Die Maschine mit rund 200 Passagieren an Bord landete wieder in Zürich-Kloten, nachdem sich zwei Chinesen an Bord des A340-300 über Moskau in die Wolle bekamen und handgreiflich wurden. Beide stritten sich über eine Rückenlehne eines 27-jährigen Passagiers, die nach hinten verstellt war und den Hintermann, einen 57-jährigen Fluggast, beim Essen störte. Dieser schlug zu, worauf der Streit eskalierte. Die beiden setzten die Schlägerei auf dem Gang fort, bis beide zu Boden gingen.
Prügelnde Chinesen zwingen Airbus zur Umkehr
H.-J. Maurus, ARD Zürich
04.09.2012 14:46 Uhr
Auch ein Flugbegleiter wurde angegriffen
Der verantwortliche Steward versuchte vergeblich, die Schläger zu beruhigen. Doch der ältere Chinese ging dem Flugbegleiter an die Gurgel, worauf der Flugkapitän entschied, nach Zürich zurückzukehren. Der ältere Randalierer wurde gefesselt und in die letzte Reihe verfrachtet, wo er eine Stunde herumschrie.
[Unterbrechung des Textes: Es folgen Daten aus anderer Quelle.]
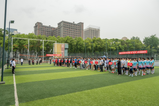 本网讯(通讯员 吴雪 胡莹莹)4月24日下午,由学校体育运动委员会主办,体育部承办的尊龙凯时人生就是博第一届“笃行杯”足球比赛在流芳校区西北区足球场成功举办。这是我校首次面向全体在校学生举办的六人制足球比赛活动,比赛设男子组、女子组两大项目,吸引了包括管理学院、材料科学与工程学院、法商学院等十余个二级学院超200名学子参与。校党委常委、副校长喻发全出席活动开幕式,并为球赛开球。体育部直属党支部书记、主任万莉莉,校党委学工部长严敏、校团委书记邓欢、党委研工部副部长张琼、体育部副主任范东芳、贺新家及主任助理吴雪参加开幕式。本次比赛由黄欣担任总裁判长,国家级裁判进行执裁,体育部研究生团队协同执裁保障比赛公平有序进行,圆满完成了各项赛事任务。
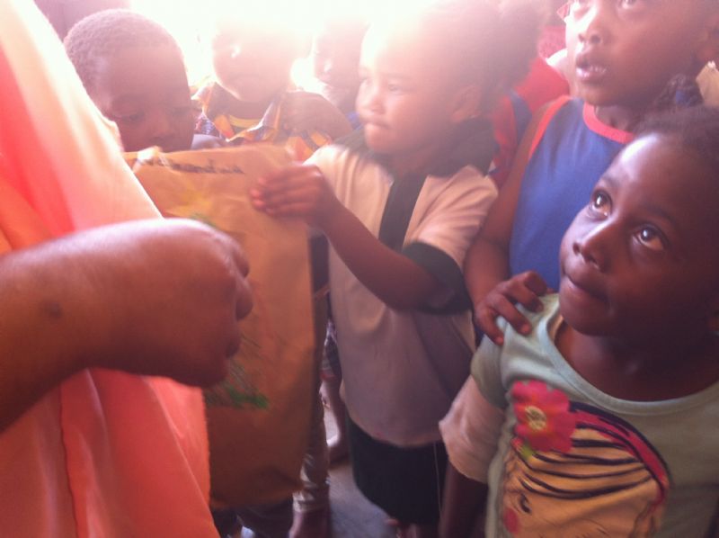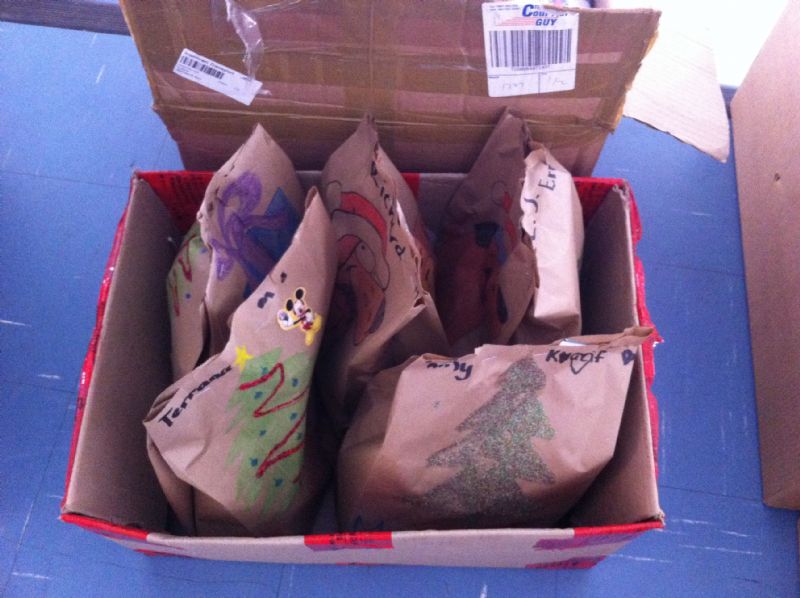 Since they finish before Christmas and don’t return to school until January, the school puts together a big early Christmas party and picnic. During the afternoons of our first 2 weeks there, we decorated over 250 brown paper bags for the kids’ presents. This involved LOTS of glue and glitter.
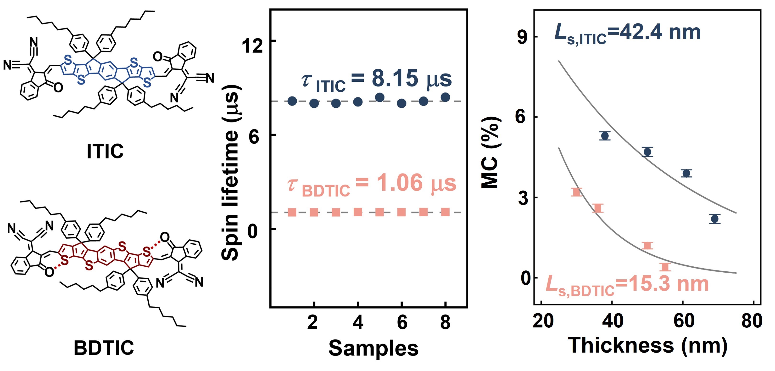分子半導體通常由原子序數較低的輕元素組成,因此具有較弱的自旋軌道耦合強度和較長的自旋壽命。元素組成主導的自旋軌道耦合效應通常被認為是導致自旋在分子半導體中弛豫的主要因素,進而影響材料自旋壽命和自旋擴散長度。同分異構是有機半導體材料的典型現象,由于同分異構體的元素組成完全相同,通常認為同分異構體之間的自旋壽命和輸運性能理應差異不大。ITIC和BDTIC是分子電子學研究中商業化的互為結構異構體的小分子半導體材料,具有確定的化學結構和較高純度。基于對ITIC和BDTIC同分異構體的自旋輸運性能的研究,該團隊通過實驗證明,盡管ITIC及其結構異構體BDTIC這兩種薄膜的電荷輸運和分子堆積性質非常相似,但其自旋輸運性能完全不同。通過進一步的電子順磁共振實驗和密度泛函理論計算,研究發現在BDTIC中形成的非共價構象鎖可以增加自旋輸運路徑上的自旋軌道耦合作用,從而降低自旋壽命。
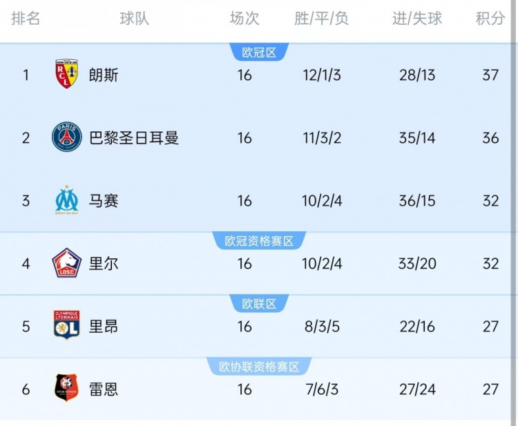 直播吧12月15日讯 法甲第16轮比赛战罢,朗斯37分居首,巴黎36分次席,马赛、里尔同积32分。
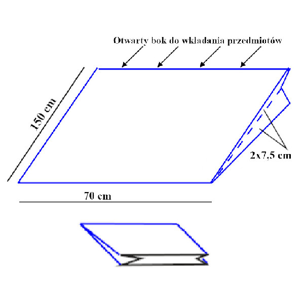 Worek ma szerokość 70 cm oraz zakładkę 2x 7.5 cm , a więc obwód worka równa się
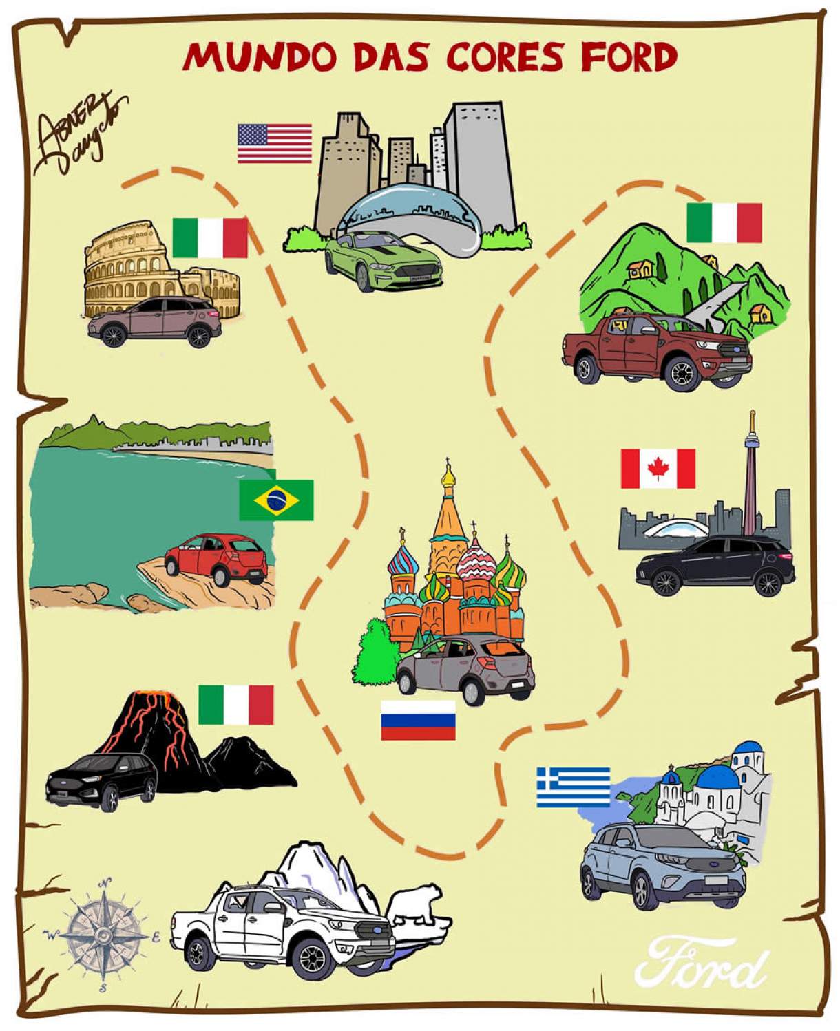 O novo teste da série Desafios Ford convida você a identificar os nomes das nove cores de carros da marca que são representadas nos desenhos. As bandeiras, assim como as construções e marcos geográficos, são pistas que vão ajudar a encontrar a resposta.
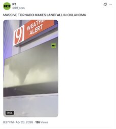 >>261559 SNN (T.me) UPDATE: Homes have been FLATTENED in Enid, Oklahoma following a massive tornado slamming directly into the town
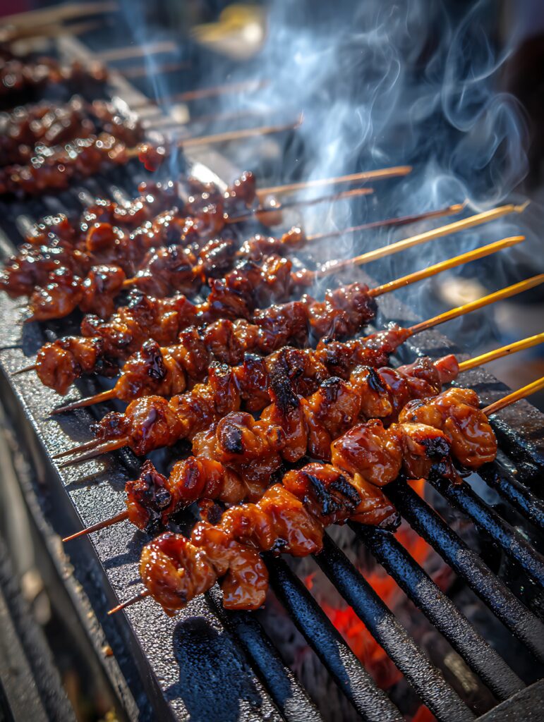 A close up image showcasing sizzling chicken satay skewers on a barbecue grill. The skewers are glazed with a delicious, rich sauce, and smoke rises from the hot coals. This image evokes feelings of warmth and deliciousness. Hello world!
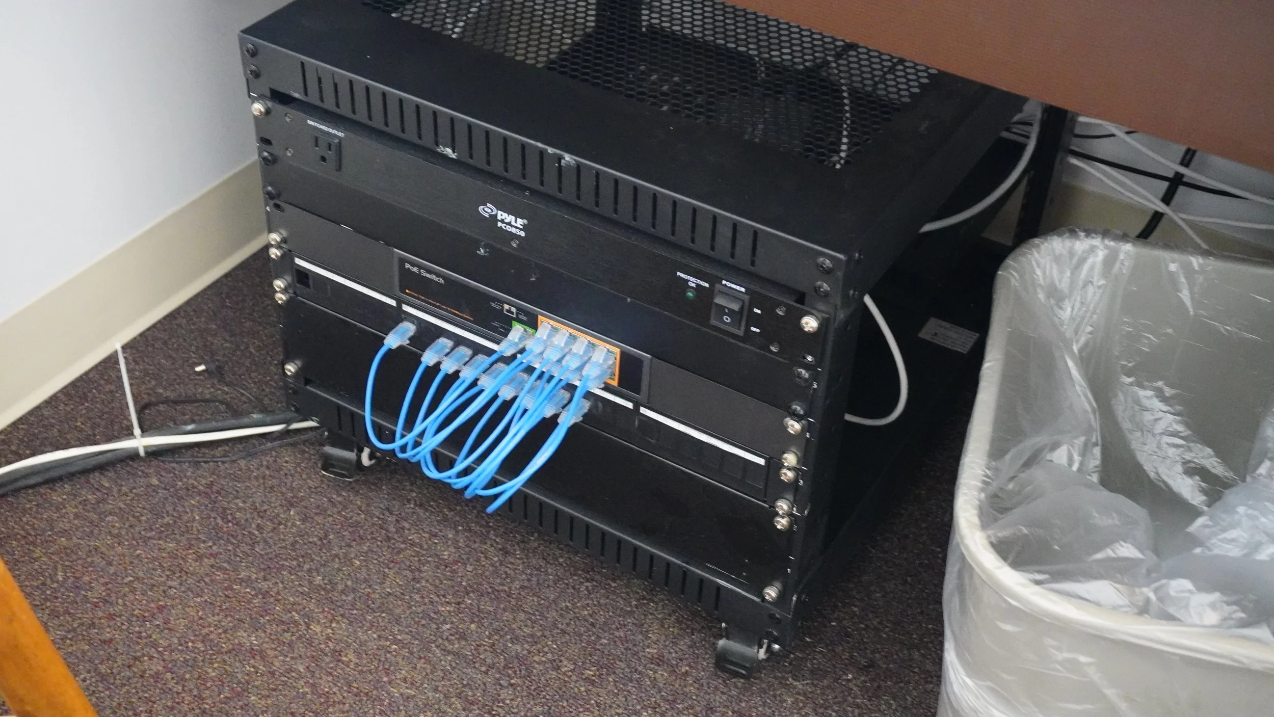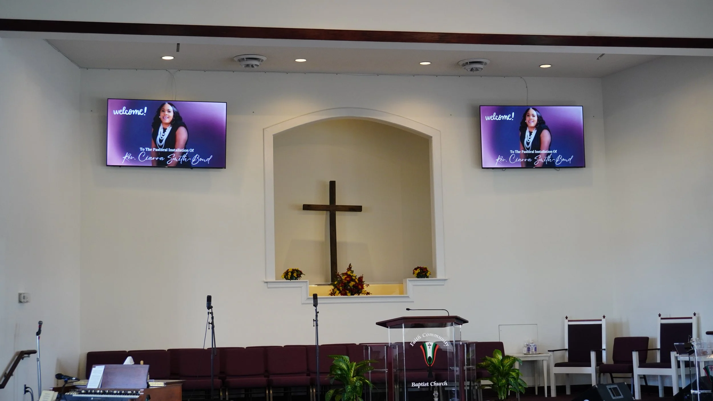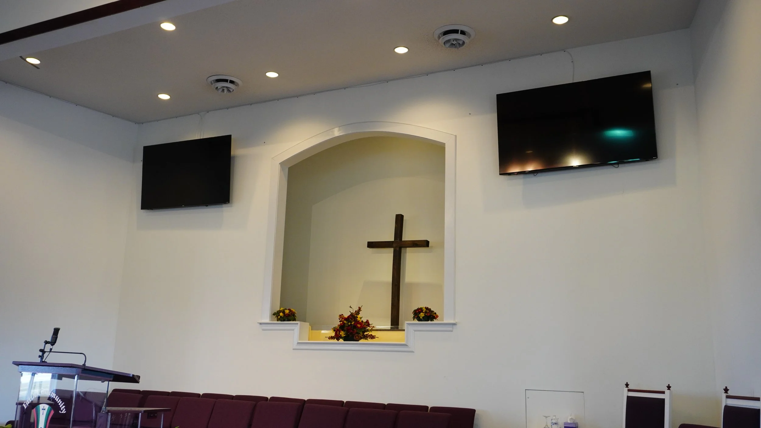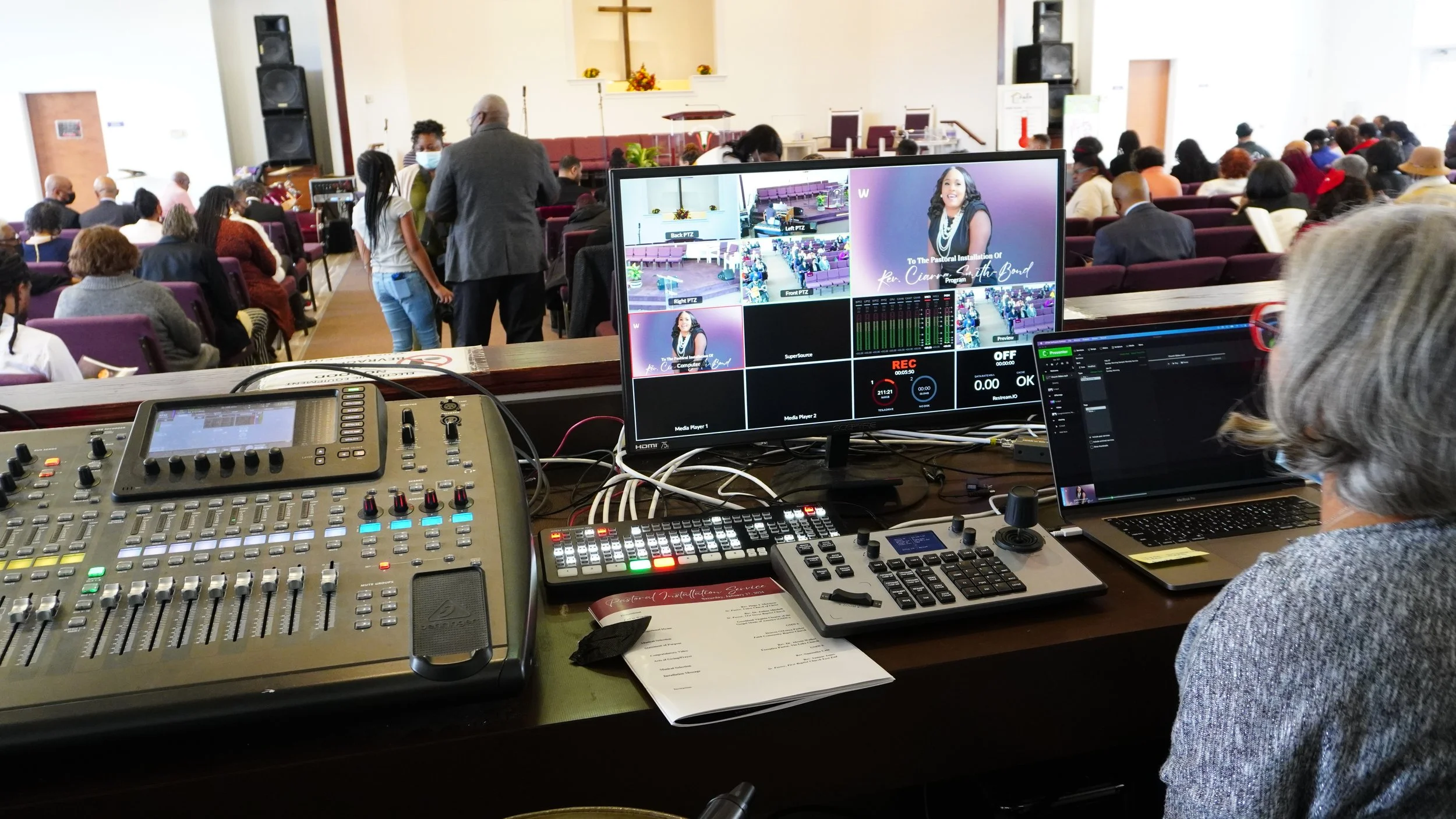We installed the ATEM SDI Extreme ISO, custom 9U AV Rack, 4X 20X PTZ Cameras, SDI video distribution and 3X 75in 4K Televisions.

In Kloten wurden die beiden Rowdys der Polizei übergeben. Beide Streithähne waren alkoholisiert, der Ältere so stark, dass er zunächst nicht vernehmungsfähig war. Beide wurden der Staatsanwaltschaft übergeben. Der 57-jährige Prügler sitzt in Untersuchungshaft. Der Jüngere ist auf freiem Fuß, musste aber seinen Pass abgeben. Alle anderen Passagiere wurden auf andere Maschinen umgebucht oder mussten in einem Hotel übernachten.
Ein Sprecher der Flugverkehrsleitstelle Skyguide bestätigte den Vorfall ebenso wie die Fluggesellschaft Swiss. Man sei nicht in Moskau gelandet, weil dort Umbuchungen viel schwieriger seien, betonte ein Swiss-Sprecher. Weiterfliegen sei keine Option gewesen, weil zwischen Moskau und Peking kaum Möglichkeiten für unplanmäßige Zwischenlandungen existierten. Zürich lag zudem zwei Flugstunden näher als Peking.